Computer Chess DVD/Blu-ray Review

No one really knew what to make of Andrew Bujalski’s Computer Chess when it hit the festival circuit early last year.  Mark Kermode came closest when he referred to it as a “mock-doc-cum-existential-comedy”. And if that sounds strange, wait until you actually watch the thing.

Computer Chess is a faux-documentation of a weekend-long computer chess tournament (that is: a tournament where programmers battle their chess-playing software against others’). Among these competitors are former title-holders Beuscher (Wiley Wiggins) and Bishton (Patrick Riester), their mentor Tom Schoesser, cocky maverick Michael Papageorge, and the first ever female competitor Shelly Flintic.  Other characters include small time drug dealers John and Freddy, a wandering prostitute, and a group of couples on a ‘self-awareness’ course attempting a spiritual journey to enlightenment.

Over the course of the weekend there are technical setbacks to over-come and human tantrums to placate, a plague of cats to circumnavigate and religious experiences to be had – and near the end things take an even more bizarre turn.

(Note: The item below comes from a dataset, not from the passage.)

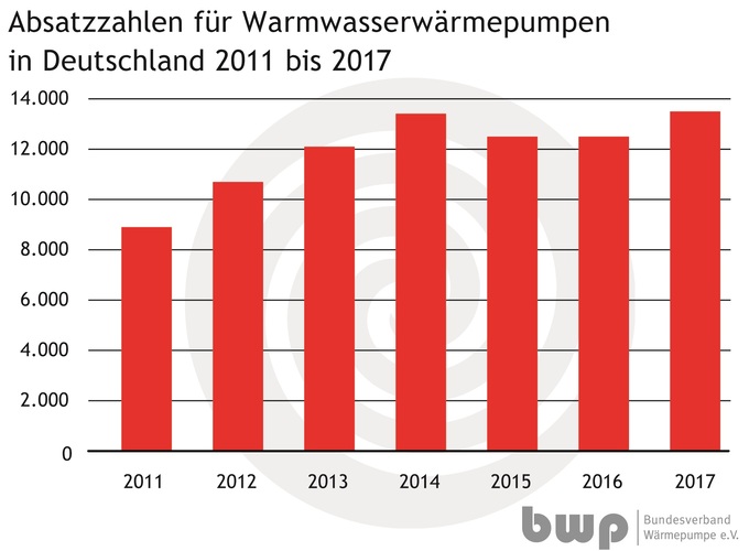 Auch der Absatz von Trinkwasser-Wärmepumpen ist in 2017 im Vergleich zum Vorjahr um 8 % gewachsen, es wurden 13.500 Geräte verkauft. Insgesamt wurden 2017 hierzulande somit 91.500 Wärmepumpen in Betrieb genommen.

The most obviously note-worthy aspect of the movie is its aesthetic. The film was shot on black and white video using a Sony AVC3260 (and, for a brief and trippy sequence, in colour with a Bolex), the grainy quality of which perfectly evokes the period. There’s something about the varying shades of softly delineated grey that feels ancient and in its own way kind of sacred. There are also some wonderfully authentic outdated special effects: disorienting split screens, naff-looking explanatory text at the top of the screen, plenty of strobing. Make no mistake; this is a perfect marriage of content and form.

This, however, isn’t just arbitrary 1980s nostalgia. There’s nothing gratuitous about the period setting, it is rather a starting point for ideas (technological-cum-philosophical) and a heavily affecting atmosphere (the still-intense dregs of 80s anxiety that were felt towards the end of the cold war).

The narrative is strange and goes off in directions that you certainly wouldn’t expect. This is not a ‘sports movie’ in which the former champion faces various obstacles before reclaiming the title; in fact, the outcome of the tournament really doesn’t matter by the end. And what initially appears to be narrative about the introverted Bishton enjoying an awkward coming-of-age experience develops into a far more perplexing experience.

The narrative is only one of the film’s many fascinating aspects. The cast is also a marvellous little curio in itself, featuring among others: an unrecognisable Wiley Wiggins (whom people might remember from Richard Linklater’s Dazed and Confused and Waking Life), film critic Gerald Peary in a wonderful performance playing the Chess master, Austin animation guru Bob Sabiston, and real life software developer James Curry (I defy anyone to find an actor who could capture the identity and mannerisms of a software engineer better than Curry does here). The film boasts uniformly spot-on performances, adding further credence to Rosselini’s philosophy of non-professional casting.

One of the things that occurred to me, that I don’t think has been mentioned by any other critic, is the psychedelia of it all. Here, I not only refer to the narcotics that are discussed and consumed during the film, but also to the loose allusions to 2001: A Space Odyssey (even if it reduces the philosophical ideas to a synthesised hum) and the hallucinatory quality of the aesthetic, which is dream-like and hypnagogic. There’s a moment in which, over a drink at a bar, one programmer explains to another than not only are they certainly being watched by the government, but that there’s actually a totally valid reason for that (to explain any more would ruin the fun).

Of course, Bujalski, as the godfather of ‘mumblecore’, is a subtle film-maker – which means that all of this (the plague of cats, the labyrinthine hotel) is dealt with in an incredibly gentle and quiet manner. And this, in many ways, makes it all the more surreal.

Despite it all, however, Bujalski is so utterly affectionate towards characters that could easily be exploited for cheap laughs that what he’s created amounts to a series of touching meditations on loneliness, humanity, repression, and chaos. Bujalski has achieved that rare thing: a film that both creeps into the mind and under the skin, but also into the heart (just about).